A la mañana siguiente se presentaron de nuevo en los aposentos de Miao-yen. Guillermo estaba extenuado. Era demasiada su excitación para que hubiera podido dormir y había pasado la noche recitando súplicas y oraciones de acción de gracias. Por su parte, Josseran se sentía incapaz de aclarar sus sentimientos. Por lo visto, acababan de lograr un triunfo que estaba más allá de todo lo imaginable y, sin embargo, los argumentos que había oído durante el debate habían cubierto su alma con una sombra.
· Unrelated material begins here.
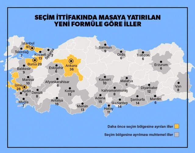 MHP Genel Başkanı Devlet Bahçeli ile Cumhurbaşkanı Recep Tayyip Erdoğan'ın 'seçim ittifakı' hakkında yaptığı görüşmenin ardından kurulan komisyonda toplantılar ve hazırlıklar tüm hızıyla devam ediyor. En son yapılan görüşmede masaya sürpriz bir model getirildi. Yeni dillendirilen bu model benimsenirse 2019 seçimlerinde 31 ilde seçim bölgeleri oluşturulacak ve yeni bir harita ortaya çıkmış olacak.MHP Genel Başkanı Devlet Bahçeli, "MHP, Adalet ve Kalkınma Partisi ile Cumhurbaşkanlığı Hükümet etme sistemini 2019'da tam manasıyla tesis etme maksadıyla sonuna kadar birlikte ve yan yana mücadelesini sürdürecektir" sözleriyle gündeme getirdiği seçim ittifakı çalışmalarında sıcak anlar yaşanıyor. Yeni Şafak'tan Emrah Yeşilduman'ın haberine göre Bahçeli'nin açıklamalarıyla başlayan seçim ittifakı görüşmelerinde AK Parti ve MHP arasında yeni bir formül masaya yatırıldı. Daha önce seçim barajının aynen korunmasının yanında daraltılmış bölge üzerinde çalışma yapılması planlanıyordu. Ancak son görüşmede yeni bir formül dile getirildi. Buna göre; 6 ya da 8'den fazla vekil çıkaran iller birden fazla seçim bölgesine bölünecek. Bu şekilde hangi parti o bölgede etkinse onun adayı öne çıkartılacak. 6 vekil üzerinden bu sistem uygulanırsa Türkiye'de 31 il, birden fazla seçim bölgesine bölünecek.

«¿Es realmente posible que un hombre conozca la mente de Dios?», se preguntaba. En base a tantos otros pensamientos y opiniones, ¿podía algún hombre saber con seguridad que había tropezado con una verdad absoluta? Envidiaba la seguridad de Guillermo.
Miao-yen los esperaba sentada en una alfombra de seda. Inclinó la cabeza al verlos entrar. Ellos le devolvieron el saludo y se sentaron con las piernas cruzadas. Una de las servidoras de la joven les sirvió té de ciruela que puso en una mesa negra lacada que había entre ellos.
—Dile que hoy le enseñaré cómo nos confesamos —dijo Guillermo.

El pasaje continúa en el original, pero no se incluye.